[EXTRACTED MATERIAL — start]

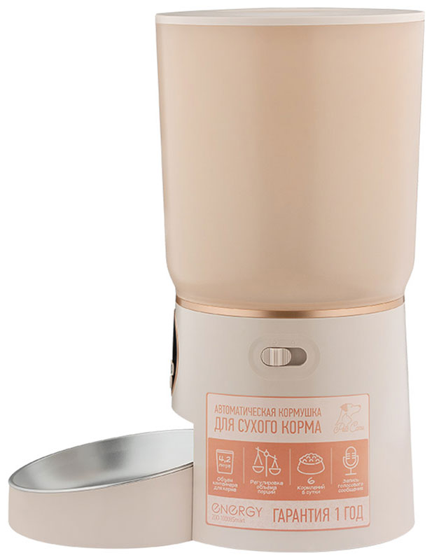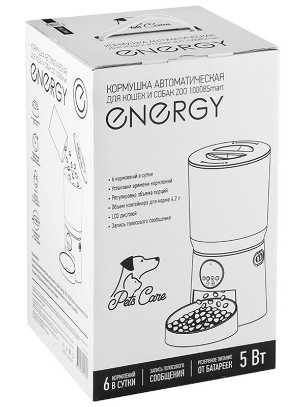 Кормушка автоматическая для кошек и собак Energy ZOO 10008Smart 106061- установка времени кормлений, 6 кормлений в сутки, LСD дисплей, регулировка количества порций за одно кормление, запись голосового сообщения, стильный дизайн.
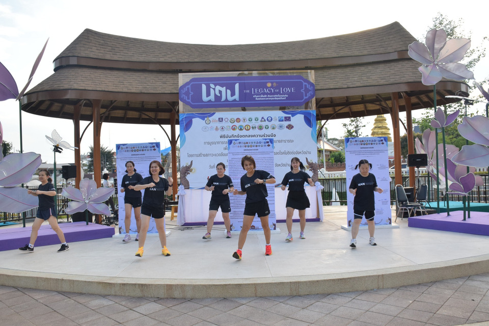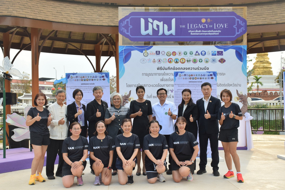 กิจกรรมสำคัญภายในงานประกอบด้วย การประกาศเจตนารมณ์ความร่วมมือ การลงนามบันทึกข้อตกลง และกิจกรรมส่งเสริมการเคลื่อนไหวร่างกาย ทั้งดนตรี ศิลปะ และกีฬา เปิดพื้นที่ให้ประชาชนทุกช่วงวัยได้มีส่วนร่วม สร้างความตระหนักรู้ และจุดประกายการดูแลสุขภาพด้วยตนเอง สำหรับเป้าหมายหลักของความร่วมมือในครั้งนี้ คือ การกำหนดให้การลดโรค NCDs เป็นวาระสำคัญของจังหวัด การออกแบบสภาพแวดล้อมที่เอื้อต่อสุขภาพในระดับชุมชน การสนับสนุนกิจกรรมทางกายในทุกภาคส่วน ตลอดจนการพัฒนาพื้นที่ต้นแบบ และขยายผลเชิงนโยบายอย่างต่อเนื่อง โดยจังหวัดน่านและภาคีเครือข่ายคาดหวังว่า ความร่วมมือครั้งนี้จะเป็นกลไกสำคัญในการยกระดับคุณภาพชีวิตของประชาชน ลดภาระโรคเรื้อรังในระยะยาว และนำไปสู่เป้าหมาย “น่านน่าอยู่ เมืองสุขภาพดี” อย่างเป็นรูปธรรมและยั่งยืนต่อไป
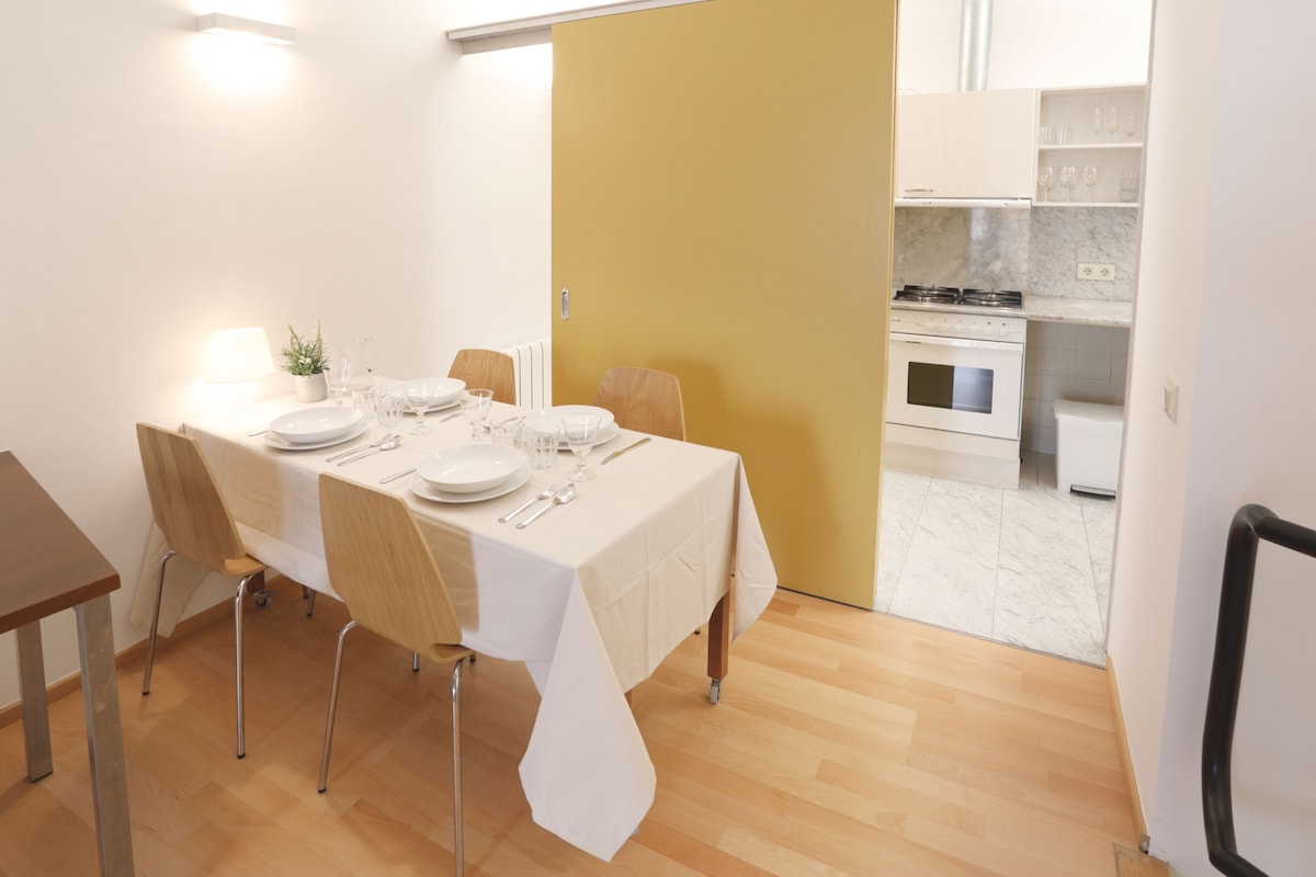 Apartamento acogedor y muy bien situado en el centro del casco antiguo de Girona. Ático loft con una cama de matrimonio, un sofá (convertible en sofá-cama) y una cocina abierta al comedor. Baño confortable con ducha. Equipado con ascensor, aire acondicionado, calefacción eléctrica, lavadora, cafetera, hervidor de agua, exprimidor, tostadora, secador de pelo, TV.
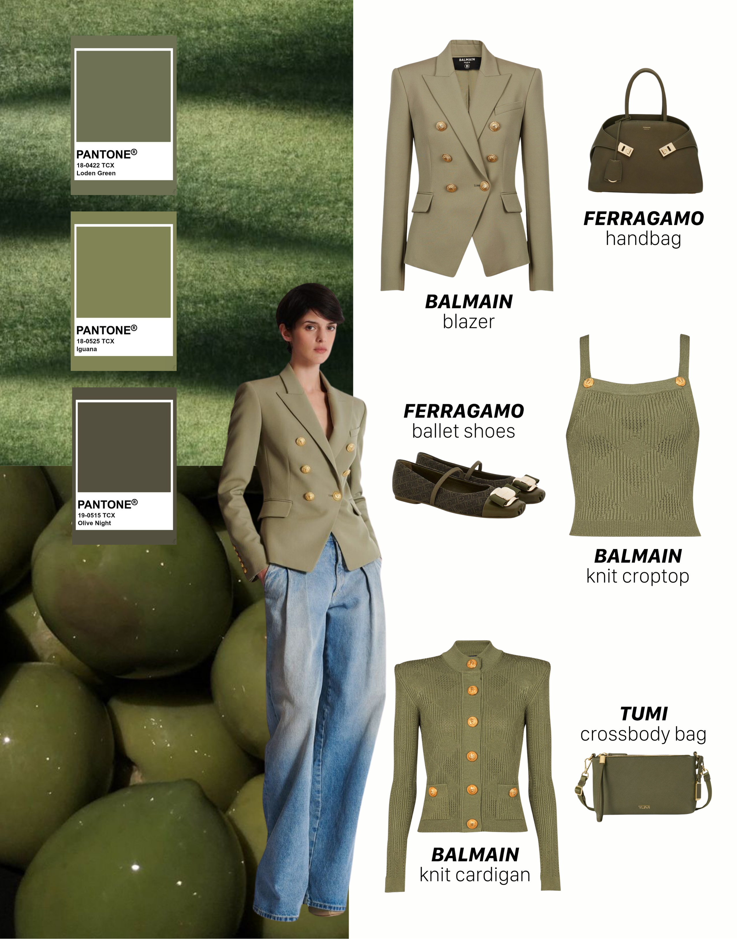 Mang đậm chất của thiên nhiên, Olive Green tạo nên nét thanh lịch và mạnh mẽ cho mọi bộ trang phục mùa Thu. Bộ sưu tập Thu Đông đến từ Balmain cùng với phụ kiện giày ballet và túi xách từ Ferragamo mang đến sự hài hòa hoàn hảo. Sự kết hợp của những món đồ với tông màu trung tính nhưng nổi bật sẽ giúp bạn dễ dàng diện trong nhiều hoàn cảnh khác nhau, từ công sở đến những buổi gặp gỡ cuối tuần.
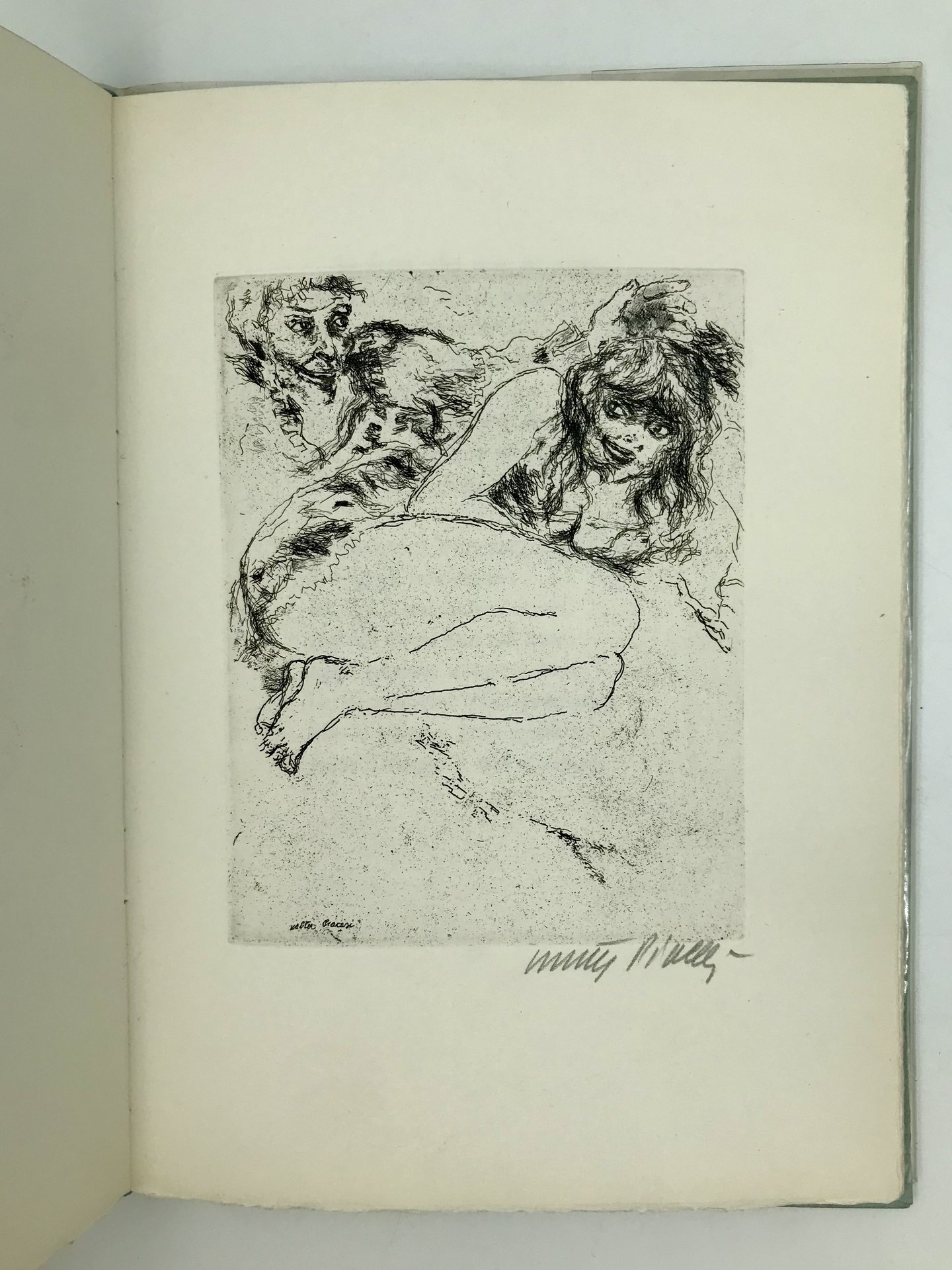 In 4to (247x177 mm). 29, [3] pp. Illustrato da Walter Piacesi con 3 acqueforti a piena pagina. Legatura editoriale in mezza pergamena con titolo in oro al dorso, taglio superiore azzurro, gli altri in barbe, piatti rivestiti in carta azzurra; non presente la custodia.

[EXTRACTED MATERIAL — finish]
[EXTRACTED MATERIAL — start]

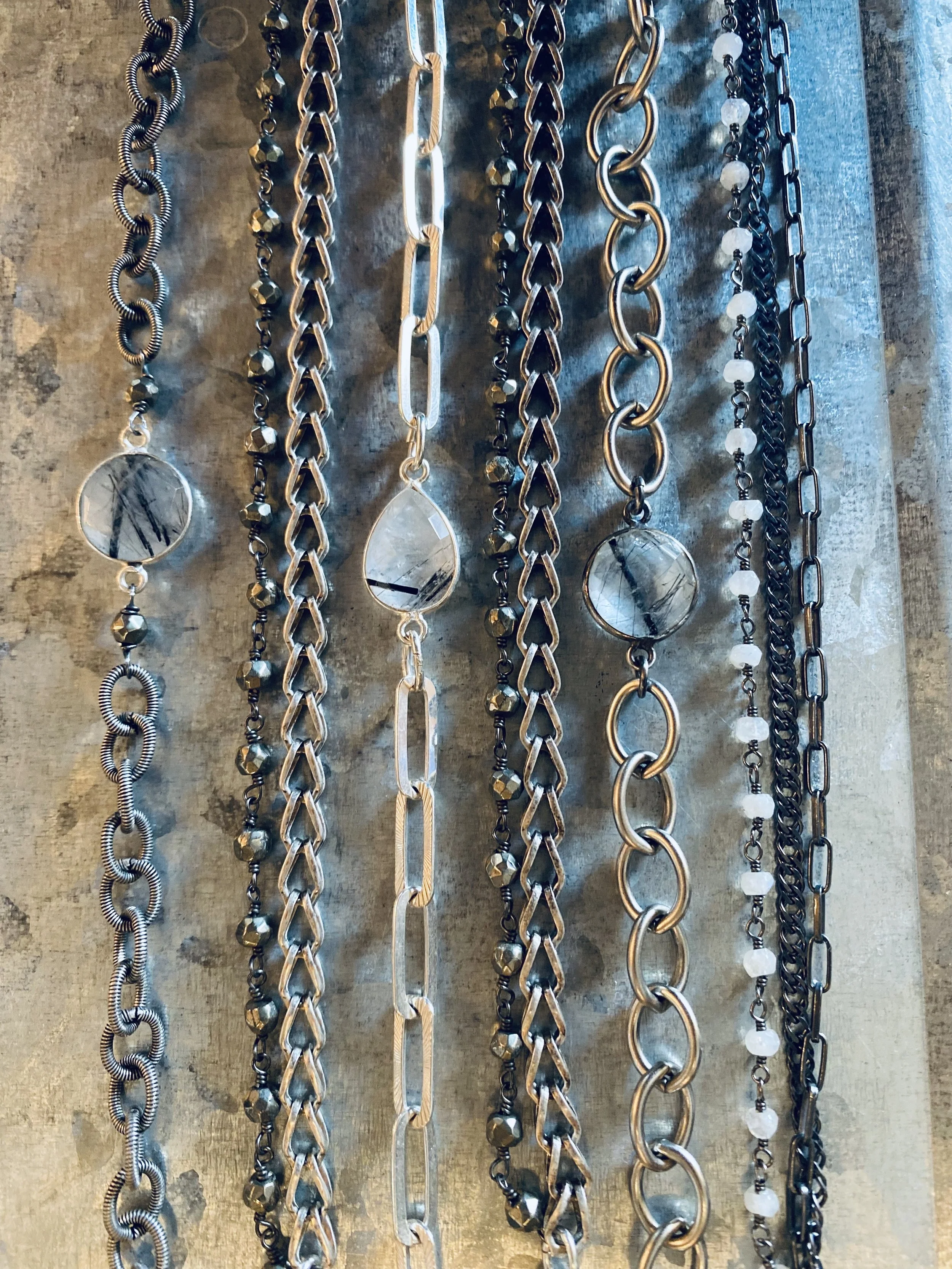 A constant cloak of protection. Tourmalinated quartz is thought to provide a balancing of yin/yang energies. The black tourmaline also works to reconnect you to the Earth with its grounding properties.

[EXTRACTED MATERIAL — finish]

### WHAT YOU NEED TO DO
Each line from the one that contains "Mang đậm chất" down to the one that contains "In 4to (247x177" is to be returned exactly as it stands above, both ends included, with pictures removed.

### SOLUTION FOR THIS PROBLEM
 Mang đậm chất của thiên nhiên, Olive Green tạo nên nét thanh lịch và mạnh mẽ cho mọi bộ trang phục mùa Thu. Bộ sưu tập Thu Đông đến từ Balmain cùng với phụ kiện giày ballet và túi xách từ Ferragamo mang đến sự hài hòa hoàn hảo. Sự kết hợp của những món đồ với tông màu trung tính nhưng nổi bật sẽ giúp bạn dễ dàng diện trong nhiều hoàn cảnh khác nhau, từ công sở đến những buổi gặp gỡ cuối tuần.
 In 4to (247x177 mm). 29, [3] pp. Illustrato da Walter Piacesi con 3 acqueforti a piena pagina. Legatura editoriale in mezza pergamena con titolo in oro al dorso, taglio superiore azzurro, gli altri in barbe, piatti rivestiti in carta azzurra; non presente la custodia.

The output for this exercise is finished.